Challenge for domain experts
However, current technologies offer cumbersome solutions along multiple dimensions. Some of this include, Interaction with messy naturally occurring data; Necessity for extensive programming; Necessity of exploiting various learning paradigms and techniques; and Extensive experimental exploration for model selection, feature selection, parameter tuning due to the lack of theoretical evidence about the effectiveness of various models.High-level goal and implied directions
DeLBP workshop aims at highlighting the issues and challenges that arise for having a declarative data driven problem-solving paradigm. This paradigm facilitates and simplifies the design and the development of intelligent real world applications that consider learning from data and reasoning based on knowledge. It highlights the challenges in making machine learning accessible to various domain experts and application programmers.
Conventional programming languages have not been primarily designed to offer help for the above-mentioned challenges. To Achieve the DeLBP goals there is a need to go beyond designing tools for classic machine learning new innovative abstractions and enriching the existing solutions and frameworks with the capabilities in:
Specifying the requirements of the application at a high abstraction level; Exploiting the expert knowledge in learning; Dealing with uncertainty in data and knowledge in various layers of the application program; Using representations that support flexible relational feature engineering; Using representations that support flexible reasoning and structure learning; Ability to reuse, combining and chaining models and perform flexible inference on complex models or pipelines of decision making; Integrating a range of learning and inference algorithms; Closing the loop of moving from data to knowledge and exploiting knowledge to generate data; and finally having a unified programming environment to design application programs.
Related communities
Over the last few years the research community has tried to address these problems from multiple perspectives, most notably various approaches based on Probabilistic programming (PP), Logical Programming (LP), Constrained Conditional models (CCM) and other integrated paradigms such as Probabilistic Logical Programming (PLP) and Statistical relational learning (SRL).

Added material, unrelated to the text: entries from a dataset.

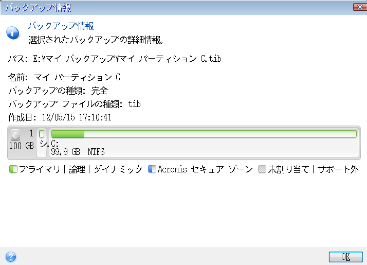 リカバリを続行する前に、既存のすべてのパーティションのサイズと物理的な順序を把握しておく必要があります。この情報を表示するには、ウィザードのツールバーで [詳細] をクリックします。True Image 2013 にバックアップの情報が表示されます。この情報には、ディスクに格納されているすべてのパーティションおよびディスク上の物理的順序の図が含まれます。
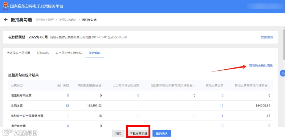 注:若要查询往期数据,可在此页面点击右侧【历史确认信息】进入,选择需要查看的所属月份即可。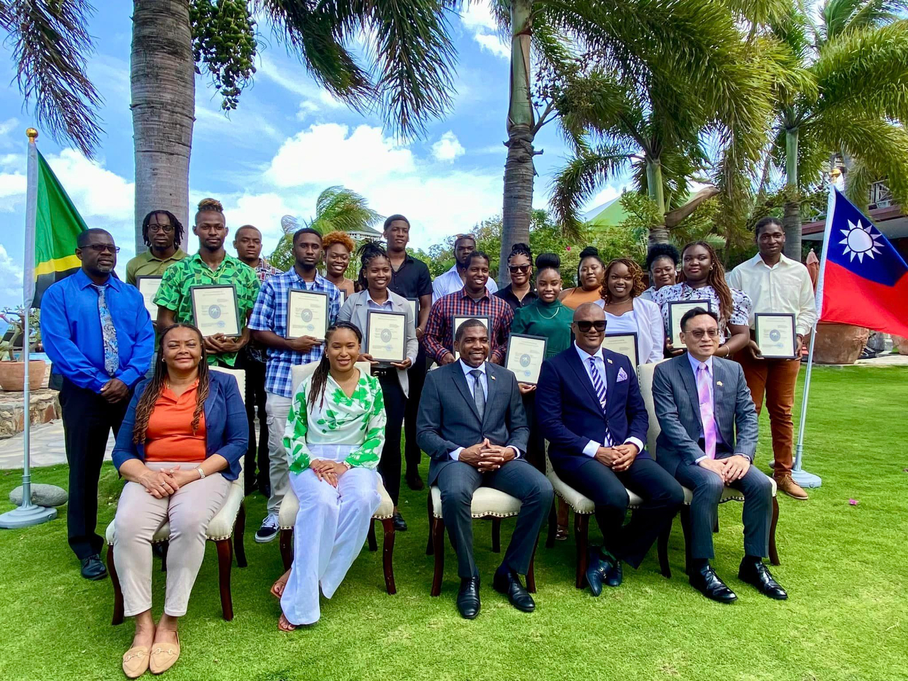 本館林大使昭宏於8月23日中午主持外交部台灣獎學金及國合會獎學金頒獎典禮,聖克里斯多福及尼維斯總理德魯(Terrance Drew)伉儷、副總理兼教育部長韓利(Geoffrey Hanley)及內閣秘書長(Marcus Natta)率教育部官員應邀出席,總理、副總理及林大使致詞恭喜獲獎16位學生,勉勵在台求學積極進取、孜孜不倦,並期許學業有成、更上層樓。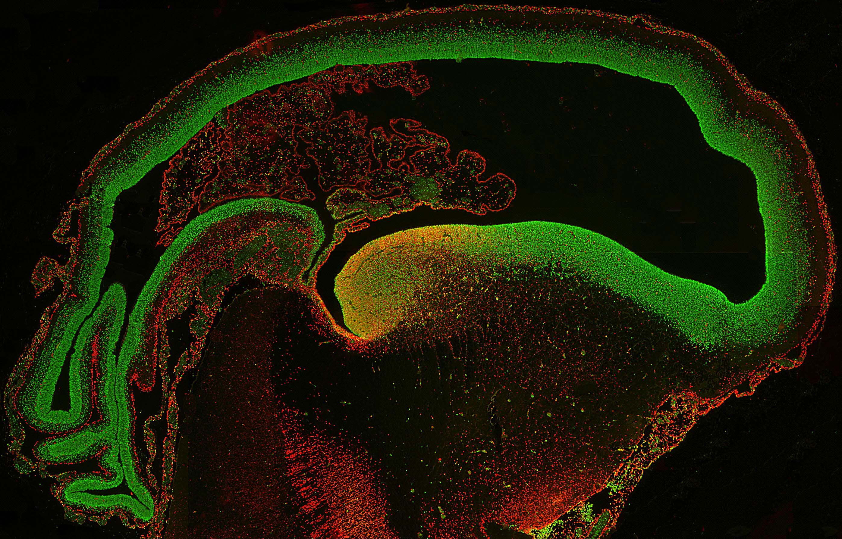 Description:Sagittal section of 8 post-conception week human early fetal brain (obtained fromwww.hdbr.org) stained by double label immunofluorescence for the cell division marker KI67 (green) andthe transcription factor COUPTFII (red). The combination highlights (yellow) regionalisation of COUPTFII-expressing dividing cells to the caudal ganglionic eminence. |

These paradigms and related languages aim at learning over probabilistic structures and exploiting knowledge in learning. Moreover, in the recent years several Deep Learning tools have created easy to use abstractions for programming model configurations for deep architectures. We aim at motivating the need for further research toward a unified framework in this area based on the above mentioned key existing paradigms as well as other related research such as First-order query languages, database management systems (DBMS), deductive databases (DDB), hybrid optimization and deep architectures for learning from data and knowledge. We are interested in connecting these ideas towards developing a Declarative Learning Based Programming Paradigm and investigate the required type of languages, representations and computational models to support such a paradigm.Highlight
Though the theme of this workshop remains generic as in the past versions, we will aim at emphasizing on ideas and opinions regarding conceptual representations of deep learning architectures that connect various computational units to the semantics of declarative data and knowledge representations. We also encourage submissions on learning to learn programs.Topics Summary
The main research questions and topics of interest include the following existing topics in the context of an integrated learning based paradigm:- New programming abstractions and modularity levels towards a unified framework for (deep/structured) learning and reasoning,
- Frameworks/Computational models to combine learning and reasoning paradigms and exploit accomplishments in AI from various perspectives.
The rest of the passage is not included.